__Input data__.

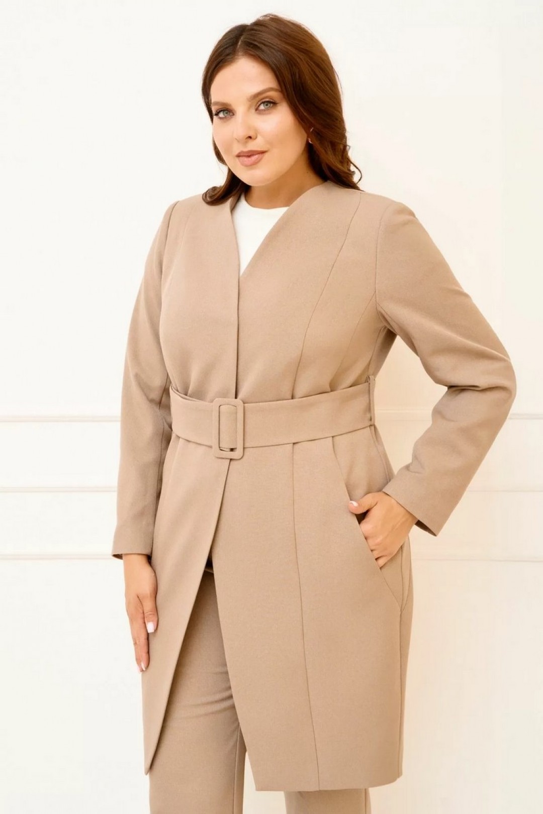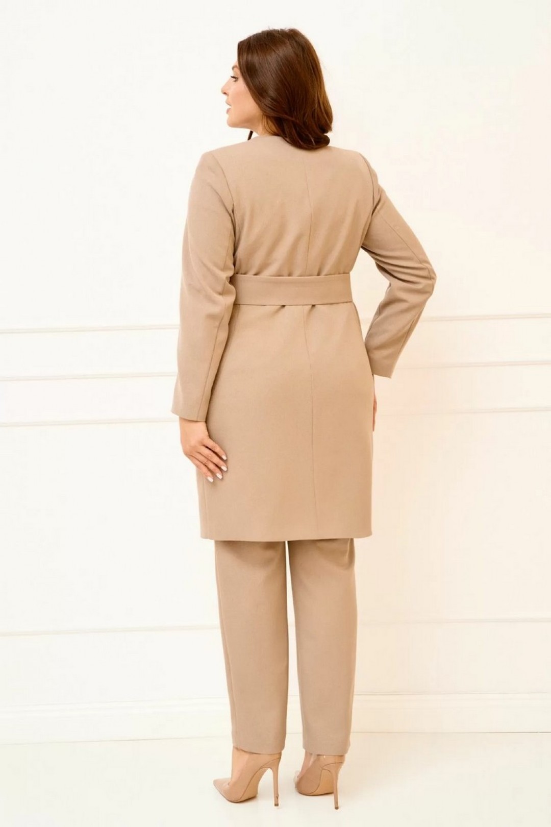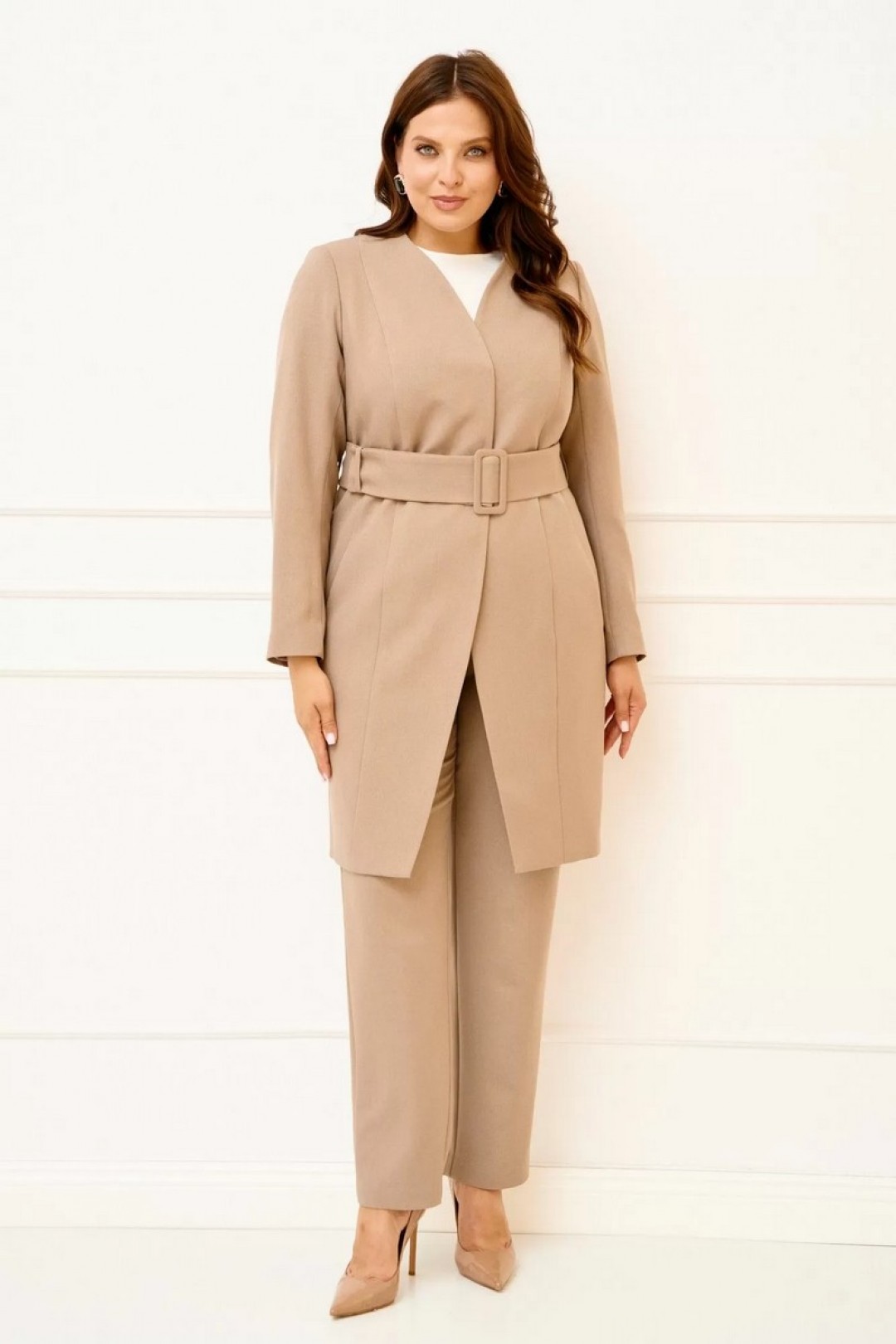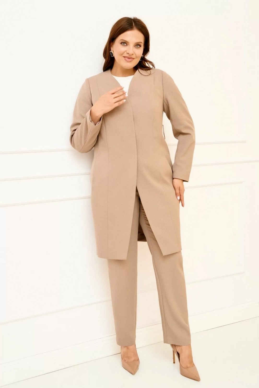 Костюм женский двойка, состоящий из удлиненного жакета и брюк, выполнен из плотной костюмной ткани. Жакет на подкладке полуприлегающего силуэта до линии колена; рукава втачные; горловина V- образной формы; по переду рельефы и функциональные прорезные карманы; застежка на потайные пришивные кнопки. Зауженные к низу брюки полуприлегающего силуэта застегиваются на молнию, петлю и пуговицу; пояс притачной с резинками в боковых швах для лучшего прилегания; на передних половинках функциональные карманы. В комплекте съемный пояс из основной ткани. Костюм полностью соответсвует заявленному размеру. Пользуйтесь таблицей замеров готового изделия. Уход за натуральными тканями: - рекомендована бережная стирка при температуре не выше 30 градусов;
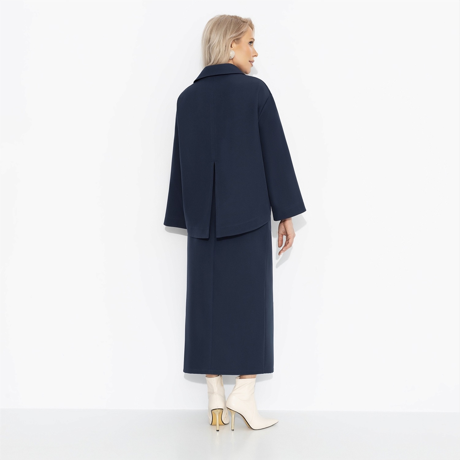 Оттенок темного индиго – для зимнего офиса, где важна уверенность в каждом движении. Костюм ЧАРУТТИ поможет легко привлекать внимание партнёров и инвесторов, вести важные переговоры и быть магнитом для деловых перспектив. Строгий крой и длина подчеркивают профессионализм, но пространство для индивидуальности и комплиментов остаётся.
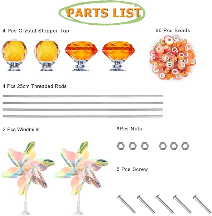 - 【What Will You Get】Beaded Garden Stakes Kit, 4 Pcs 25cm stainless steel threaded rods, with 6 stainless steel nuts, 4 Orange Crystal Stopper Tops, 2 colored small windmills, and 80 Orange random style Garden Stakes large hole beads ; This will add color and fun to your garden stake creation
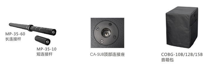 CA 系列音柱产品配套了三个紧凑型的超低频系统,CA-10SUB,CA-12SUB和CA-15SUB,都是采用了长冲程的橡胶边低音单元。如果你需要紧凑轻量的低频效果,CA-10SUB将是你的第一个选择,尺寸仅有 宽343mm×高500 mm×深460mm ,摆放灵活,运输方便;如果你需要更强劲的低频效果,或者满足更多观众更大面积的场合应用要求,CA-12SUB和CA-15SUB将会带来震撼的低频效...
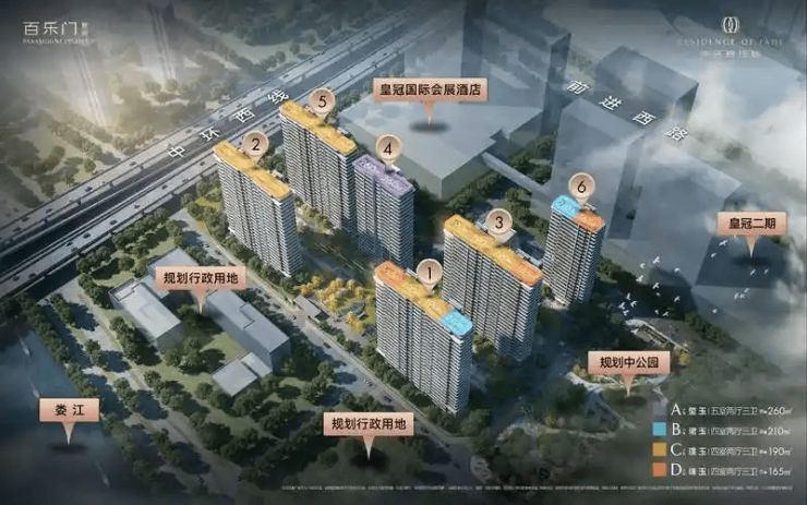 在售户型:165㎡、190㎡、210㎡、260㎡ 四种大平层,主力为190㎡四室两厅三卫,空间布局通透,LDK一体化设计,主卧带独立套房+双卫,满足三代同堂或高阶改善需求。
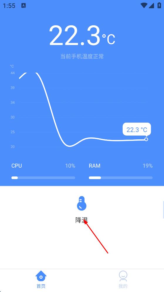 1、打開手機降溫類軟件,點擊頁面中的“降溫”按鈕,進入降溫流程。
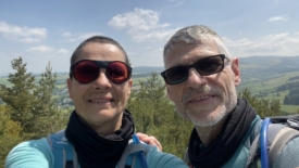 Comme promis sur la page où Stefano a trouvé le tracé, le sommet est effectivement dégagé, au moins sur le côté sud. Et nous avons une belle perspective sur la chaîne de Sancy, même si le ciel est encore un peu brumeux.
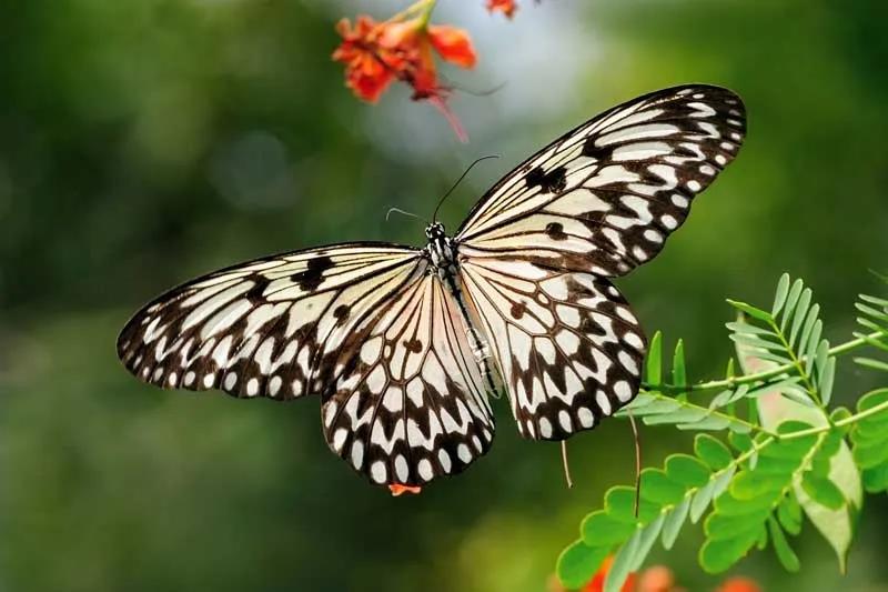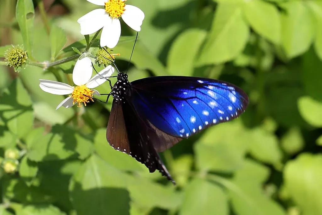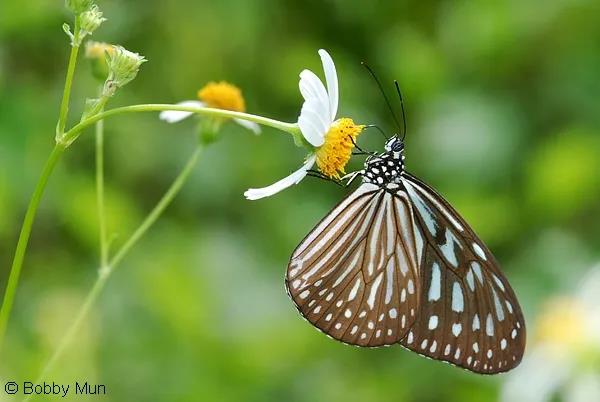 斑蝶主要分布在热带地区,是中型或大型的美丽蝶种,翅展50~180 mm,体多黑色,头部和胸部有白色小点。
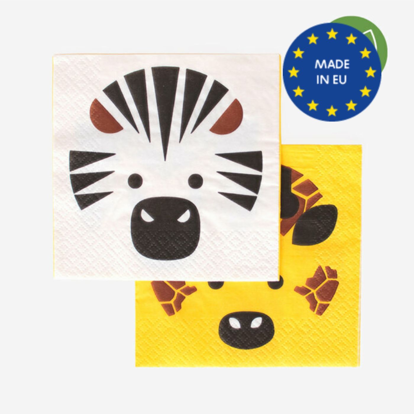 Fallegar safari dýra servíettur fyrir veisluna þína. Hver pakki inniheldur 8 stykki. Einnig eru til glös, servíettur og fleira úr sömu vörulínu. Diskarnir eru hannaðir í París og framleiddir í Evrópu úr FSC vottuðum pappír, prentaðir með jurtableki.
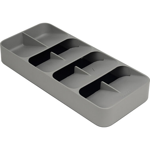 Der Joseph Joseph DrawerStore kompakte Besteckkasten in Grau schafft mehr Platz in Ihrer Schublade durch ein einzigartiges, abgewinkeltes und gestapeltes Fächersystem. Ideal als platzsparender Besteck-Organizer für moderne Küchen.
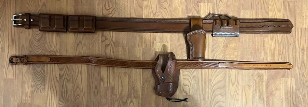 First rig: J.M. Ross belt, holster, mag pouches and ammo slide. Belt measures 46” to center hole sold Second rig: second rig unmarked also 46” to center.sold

__Your objective__. From the line with "- 【What Will" to the final line of the entries above, reproduce each line exactly and nothing else; the pictures stay out.

__Response__.
 - 【What Will You Get】Beaded Garden Stakes Kit, 4 Pcs 25cm stainless steel threaded rods, with 6 stainless steel nuts, 4 Orange Crystal Stopper Tops, 2 colored small windmills, and 80 Orange random style Garden Stakes large hole beads ; This will add color and fun to your garden stake creation
 CA 系列音柱产品配套了三个紧凑型的超低频系统,CA-10SUB,CA-12SUB和CA-15SUB,都是采用了长冲程的橡胶边低音单元。如果你需要紧凑轻量的低频效果,CA-10SUB将是你的第一个选择,尺寸仅有 宽343mm×高500 mm×深460mm ,摆放灵活,运输方便;如果你需要更强劲的低频效果,或者满足更多观众更大面积的场合应用要求,CA-12SUB和CA-15SUB将会带来震撼的低频效...
 在售户型:165㎡、190㎡、210㎡、260㎡ 四种大平层,主力为190㎡四室两厅三卫,空间布局通透,LDK一体化设计,主卧带独立套房+双卫,满足三代同堂或高阶改善需求。
 1、打開手機降溫類軟件,點擊頁面中的“降溫”按鈕,進入降溫流程。
 Comme promis sur la page où Stefano a trouvé le tracé, le sommet est effectivement dégagé, au moins sur le côté sud. Et nous avons une belle perspective sur la chaîne de Sancy, même si le ciel est encore un peu brumeux.
 斑蝶主要分布在热带地区,是中型或大型的美丽蝶种,翅展50~180 mm,体多黑色,头部和胸部有白色小点。
 Fallegar safari dýra servíettur fyrir veisluna þína. Hver pakki inniheldur 8 stykki. Einnig eru til glös, servíettur og fleira úr sömu vörulínu. Diskarnir eru hannaðir í París og framleiddir í Evrópu úr FSC vottuðum pappír, prentaðir með jurtableki.
 Der Joseph Joseph DrawerStore kompakte Besteckkasten in Grau schafft mehr Platz in Ihrer Schublade durch ein einzigartiges, abgewinkeltes und gestapeltes Fächersystem. Ideal als platzsparender Besteck-Organizer für moderne Küchen.
 First rig: J.M. Ross belt, holster, mag pouches and ammo slide. Belt measures 46” to center hole sold Second rig: second rig unmarked also 46” to center.sold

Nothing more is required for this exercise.